- [Goal of the exercise] Leaving the pictures aside, write out the whole listing below exactly.
--- Input data Enclosed Below ---
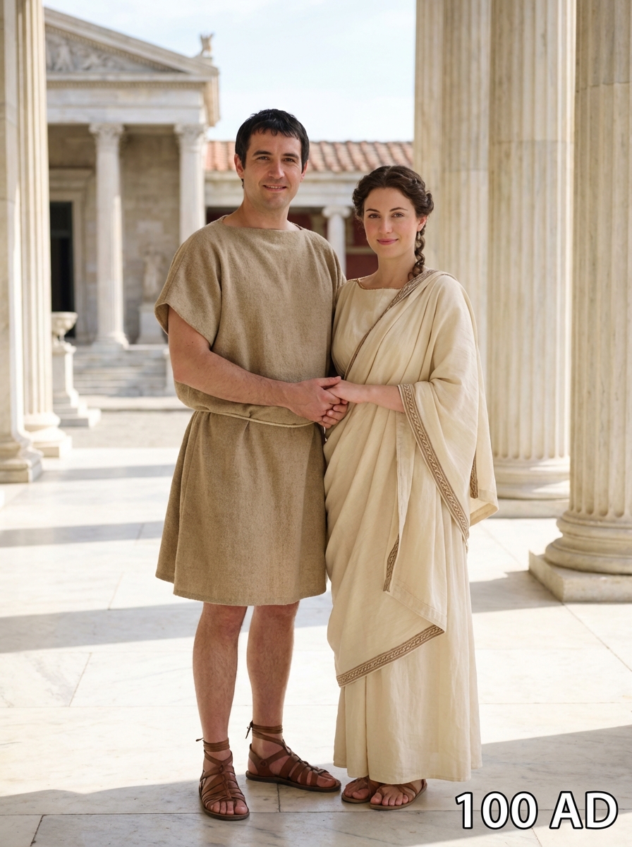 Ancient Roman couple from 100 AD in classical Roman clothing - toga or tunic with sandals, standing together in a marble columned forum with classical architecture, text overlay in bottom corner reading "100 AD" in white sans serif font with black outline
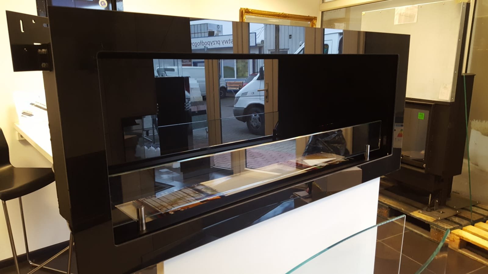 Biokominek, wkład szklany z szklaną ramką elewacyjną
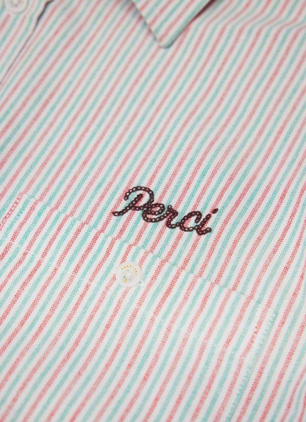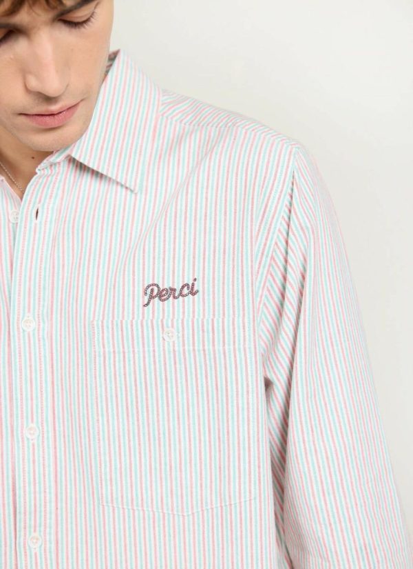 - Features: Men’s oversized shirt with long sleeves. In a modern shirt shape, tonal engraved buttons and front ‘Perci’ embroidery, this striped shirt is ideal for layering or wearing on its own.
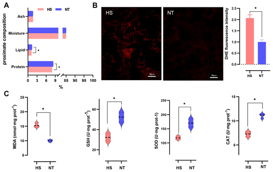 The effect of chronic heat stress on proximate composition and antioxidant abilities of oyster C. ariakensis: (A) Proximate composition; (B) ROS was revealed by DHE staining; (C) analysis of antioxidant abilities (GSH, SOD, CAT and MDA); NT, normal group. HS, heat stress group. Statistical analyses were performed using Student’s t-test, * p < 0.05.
--- End of Enclosed Input data ---
- [Exercise result]
 Ancient Roman couple from 100 AD in classical Roman clothing - toga or tunic with sandals, standing together in a marble columned forum with classical architecture, text overlay in bottom corner reading "100 AD" in white sans serif font with black outline
 Biokominek, wkład szklany z szklaną ramką elewacyjną
 - Features: Men’s oversized shirt with long sleeves. In a modern shirt shape, tonal engraved buttons and front ‘Perci’ embroidery, this striped shirt is ideal for layering or wearing on its own.
 The effect of chronic heat stress on proximate composition and antioxidant abilities of oyster C. ariakensis: (A) Proximate composition; (B) ROS was revealed by DHE staining; (C) analysis of antioxidant abilities (GSH, SOD, CAT and MDA); NT, normal group. HS, heat stress group. Statistical analyses were performed using Student’s t-test, * p < 0.05.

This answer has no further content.